WORK INSTRUCTION
In full and word for word, copy the listing; no pictures belong in the copy.

MATERIAL PROVIDED
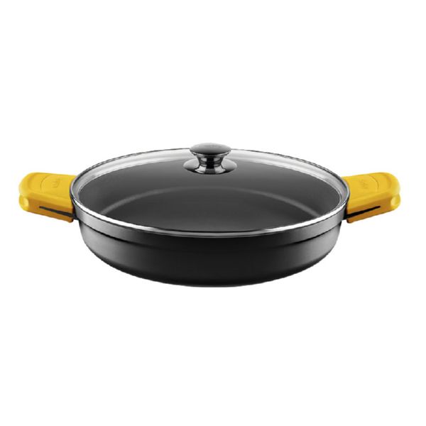 Aluminio fundido indeformable. Recubrimiento antiadherente de alta calidad libre de PFOA. Sartenes con mangos desmontables. Las cacerolas incluyen asas fijas de silicona y tapa de cristal.No apta para inducción. Cacerola baja con tapa Ø 24 cm
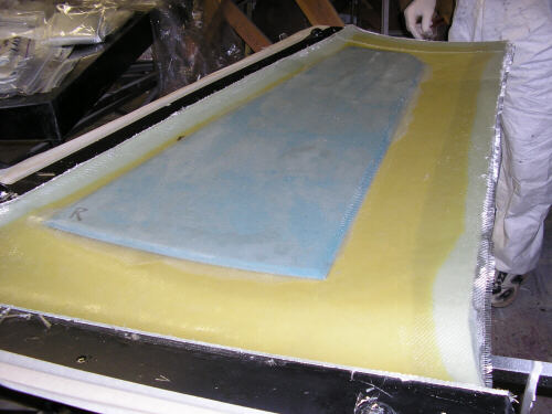 About an hour and a half in, starting the third layer. This is 5 ounce Kevlar at +/-90, ending 2" from every perimeter and overlapped with 4" perimeter tapes.
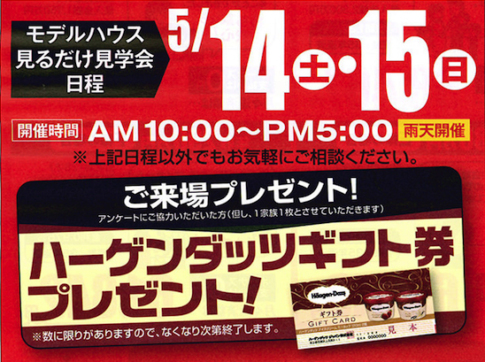 5月14日(土)15日(日)にモデルハウス見るだけ見学会を開催!

RESPONSE TO THE EXERCISE
 Aluminio fundido indeformable. Recubrimiento antiadherente de alta calidad libre de PFOA. Sartenes con mangos desmontables. Las cacerolas incluyen asas fijas de silicona y tapa de cristal.No apta para inducción. Cacerola baja con tapa Ø 24 cm
 About an hour and a half in, starting the third layer. This is 5 ounce Kevlar at +/-90, ending 2" from every perimeter and overlapped with 4" perimeter tapes.
 5月14日(土)15日(日)にモデルハウス見るだけ見学会を開催!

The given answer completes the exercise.